FIG. 1 schematically illustrates selected portions of an example turbopump 20. As will be described, the turbopump 20 is relatively axially compact, yet still can provide good fluid dynamic performance and reduced stresses at certain locations described herein.

In this example, the turbopump 20 includes an impeller 22 that is rotatable about an axis A. As generally known, the impeller 22 may include a plurality of impeller blades 22a. The impeller 22 has an inlet side 24, at which fluid enters axially, and a radially-located outlet 26.

A discharge collector 28 is located radially outwards of the impeller 22. A passage 30 fluidly couples the impeller 22 to an interior 28a of the discharge collector 28. The passage 30 includes a vane 32 therein. For example, the vane 32 is a diffuser vane that serves to control flow or reduce flow velocity. Additionally or alternatively, the vane 32 can be a guide vane guide that serves for flow stability and/or structural support. As can be appreciated, a plurality of such passages 30 and vanes 32 can be provided in a circumferential arrangement. The vane 32 includes a radially inner leading edge 32a and a radially outer trailing edge 32b. The inner edge 32a is located at the impeller 22 and the outer edge 32b is located at the interior 28a of the discharge collector 28.

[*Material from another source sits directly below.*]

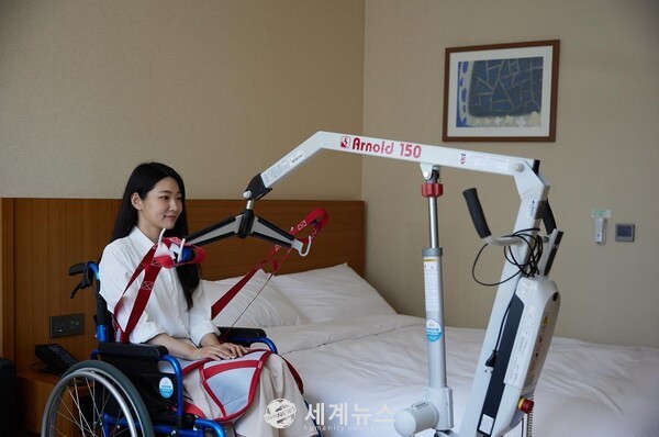 | ▲ 이동형 리프트를 이용하여 침대로 옮겨 앉는 투숙객. (서울관광재단 제공) |

In this example, the vane 32 is curved in the direction of the axis A. For example, the vane 32 curves axially forward from the radially inner leading edge 32a toward the inlet side 24 of the impeller 22. In this regard, the trailing edge 32b is axially offset from the leading edge 32a such that the vane 32 is inclined relative the axis A of the impeller. Thus, the length-direction of the vane 32 is sloped with respect to the axis A. Although the vane 32 in this example curves axially from the leading edge 32a to the trailing edge 32b, in modified examples the trailing edge 32b could be axially offset from the leading edge 32a with the vane 32 being straight or curved to a lesser extent, although the curvature can facilitate better fluid dynamic performance.

As also shown in FIG. 1, the interior 28a of the discharge collector 28 is generally round but includes a flat side 28b at which the passage 30 opens into the interior 28a. As shown in FIG. 2, the flat side 28b has first and second portions 28b1/28b2 that flank the trailing edge 32b of the vane 32. In this example, the trailing edge 32b is flush with the flat side 28b, to reduce fillet area. As can be appreciated, the flat side 28b is flat in at least one linear dimension and overall is an annular, frustoconical surface with respect to the axis A. In one variation, the trailing edge protrudes into the interior 28a of the discharge collector 28, as represented at 32b′. This may provide a stress/fatigue benefit, thereby enhancing life.

In a further example, the discharge collector 28, and specifically the interior volume 28a, has a symmetry with respect to a line of symmetry 34. The line of symmetry 34 intersects the vane 30. For example, the vane 30 has a midpoint axis 30a that is coaxial with the line of symmetry 34 at the trailing edge 32b of the vane 32, and the line of symmetry 34 and the midpoint axis 30a are sloped with respect to the axis A.

In a further example, the passage 30, and thus the height of the vane 32 is uniform from the leading edge 32a to the trailing edge 32b, and there is a smooth, constant curvature between the leading edge 32a and the trailing edge 32b. The amount of curvature selected can influence the fluid dynamics of the fluid conveyed over the vane 32 through the passage 30 into the discharge collector 28, and thus a smooth curvature can provide smooth “turning” of the fluid with reduced pressure loss.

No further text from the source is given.